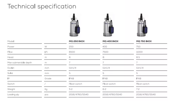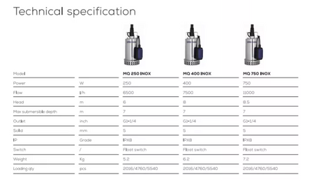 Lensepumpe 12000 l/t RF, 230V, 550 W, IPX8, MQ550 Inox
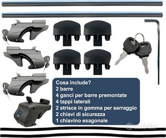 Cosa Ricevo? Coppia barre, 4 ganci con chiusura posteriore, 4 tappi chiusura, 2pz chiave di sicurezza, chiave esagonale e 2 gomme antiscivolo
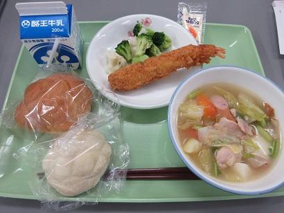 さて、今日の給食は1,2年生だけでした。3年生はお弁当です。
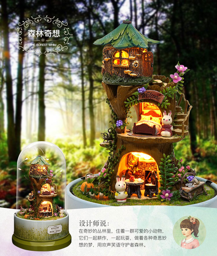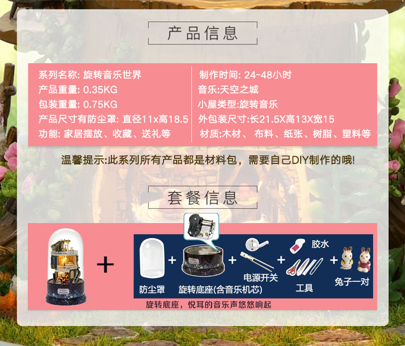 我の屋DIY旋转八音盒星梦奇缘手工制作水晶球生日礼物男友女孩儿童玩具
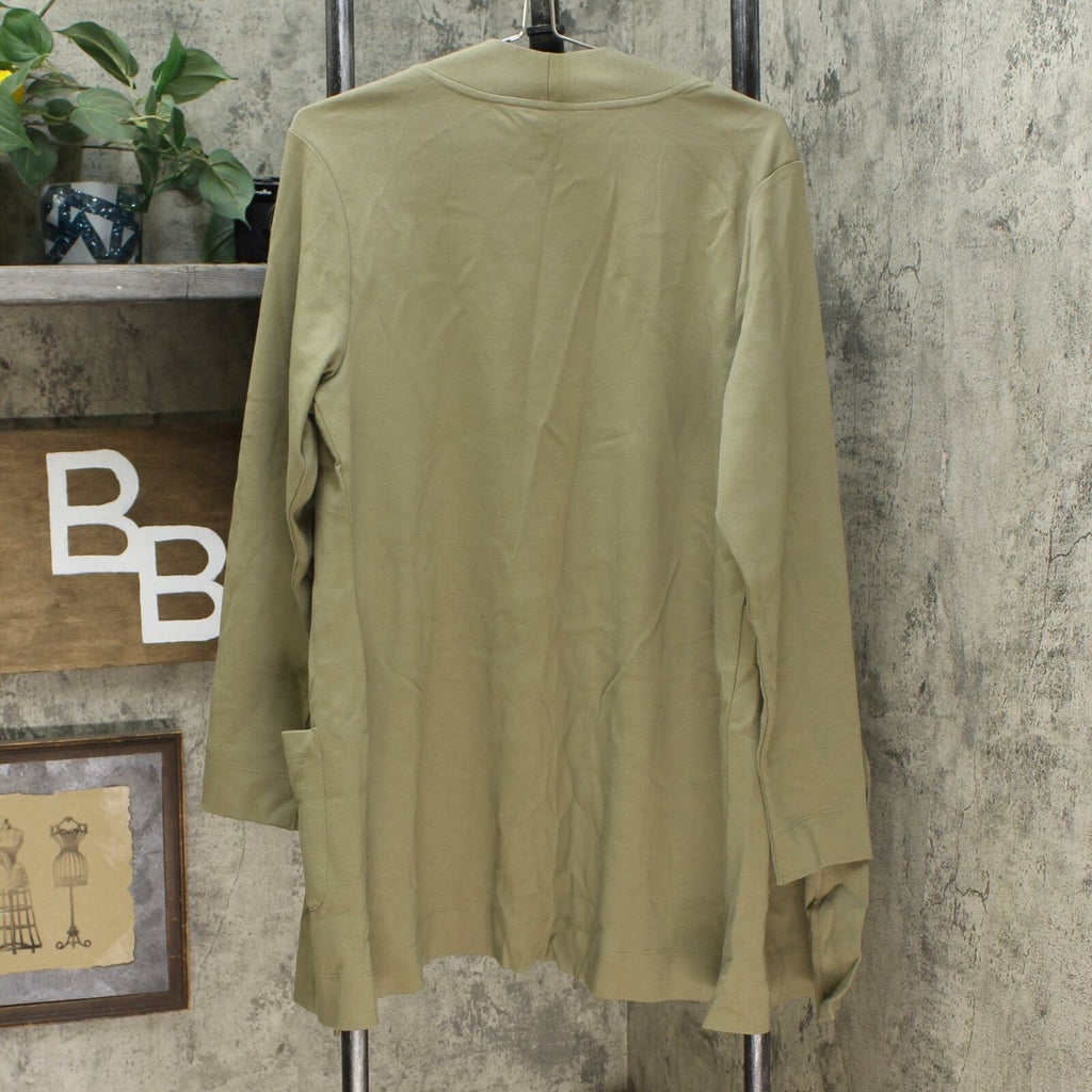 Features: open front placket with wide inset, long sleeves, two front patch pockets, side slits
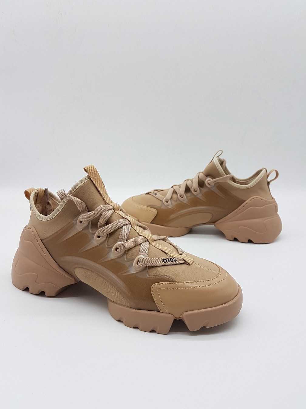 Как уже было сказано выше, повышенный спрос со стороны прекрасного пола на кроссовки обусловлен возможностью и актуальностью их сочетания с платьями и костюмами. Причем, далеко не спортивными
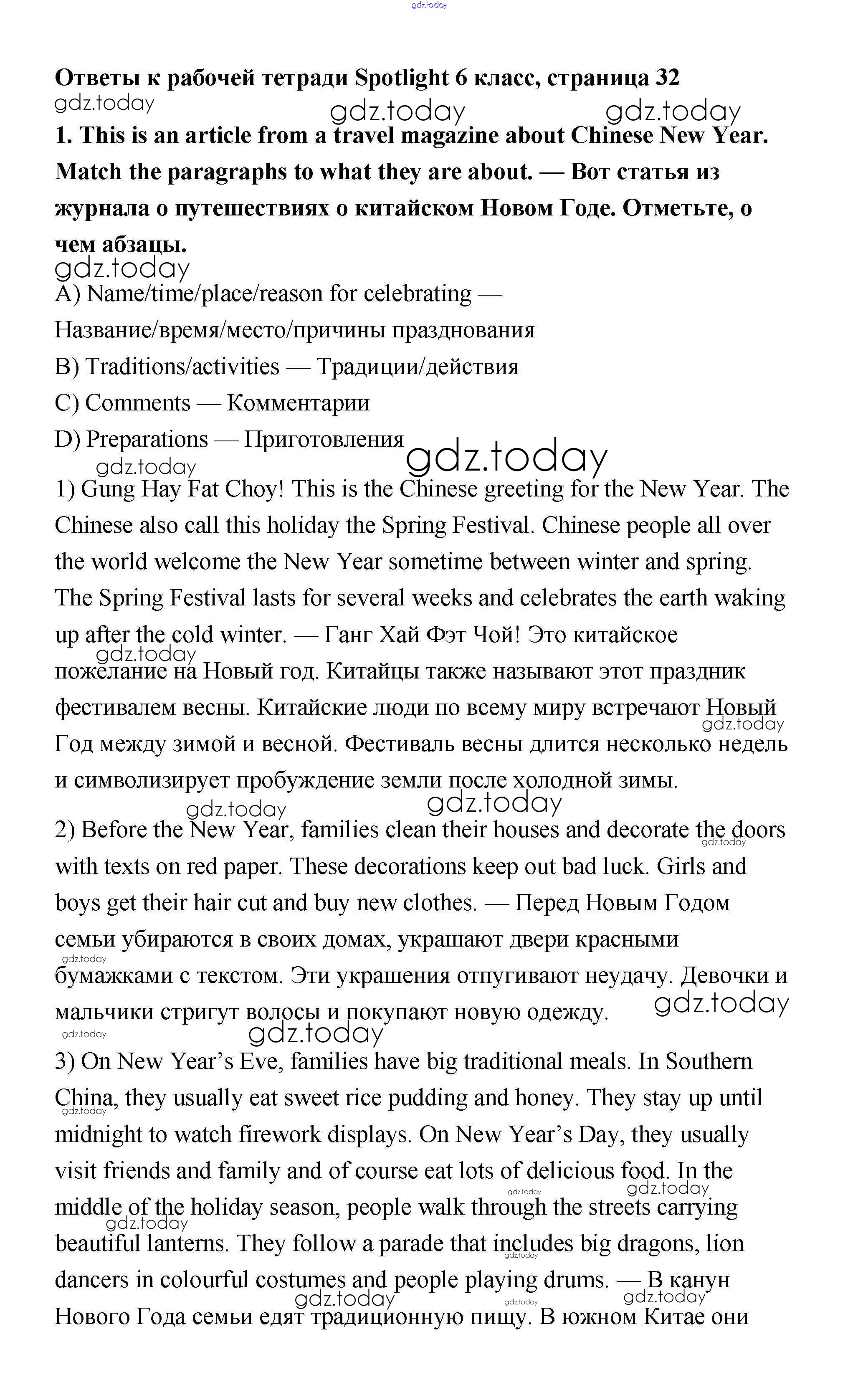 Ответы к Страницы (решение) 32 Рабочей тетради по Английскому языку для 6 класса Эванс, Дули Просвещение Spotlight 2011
==
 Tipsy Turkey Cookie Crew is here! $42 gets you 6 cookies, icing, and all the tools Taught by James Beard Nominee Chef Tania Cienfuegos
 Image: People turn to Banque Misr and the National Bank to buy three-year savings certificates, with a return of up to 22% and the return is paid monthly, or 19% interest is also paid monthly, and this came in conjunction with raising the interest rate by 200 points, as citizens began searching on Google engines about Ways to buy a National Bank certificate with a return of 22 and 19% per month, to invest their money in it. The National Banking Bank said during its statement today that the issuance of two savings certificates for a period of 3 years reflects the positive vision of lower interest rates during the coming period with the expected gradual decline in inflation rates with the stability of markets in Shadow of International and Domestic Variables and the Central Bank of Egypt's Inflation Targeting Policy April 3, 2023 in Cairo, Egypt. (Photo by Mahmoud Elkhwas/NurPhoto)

= WHAT THE TASK REQUIRES =
Skipping the pictures, print the lines in the listing above exactly as written, starting at the line with "Lensepumpe 12000 l/t" and ending at the line with "Ответы к Страницы", both included.

= ANSWER TO THIS TASK =
 Lensepumpe 12000 l/t RF, 230V, 550 W, IPX8, MQ550 Inox
 Cosa Ricevo? Coppia barre, 4 ganci con chiusura posteriore, 4 tappi chiusura, 2pz chiave di sicurezza, chiave esagonale e 2 gomme antiscivolo
 さて、今日の給食は1,2年生だけでした。3年生はお弁当です。
 我の屋DIY旋转八音盒星梦奇缘手工制作水晶球生日礼物男友女孩儿童玩具
 Features: open front placket with wide inset, long sleeves, two front patch pockets, side slits
 Как уже было сказано выше, повышенный спрос со стороны прекрасного пола на кроссовки обусловлен возможностью и актуальностью их сочетания с платьями и костюмами. Причем, далеко не спортивными
 Ответы к Страницы (решение) 32 Рабочей тетради по Английскому языку для 6 класса Эванс, Дули Просвещение Spotlight 2011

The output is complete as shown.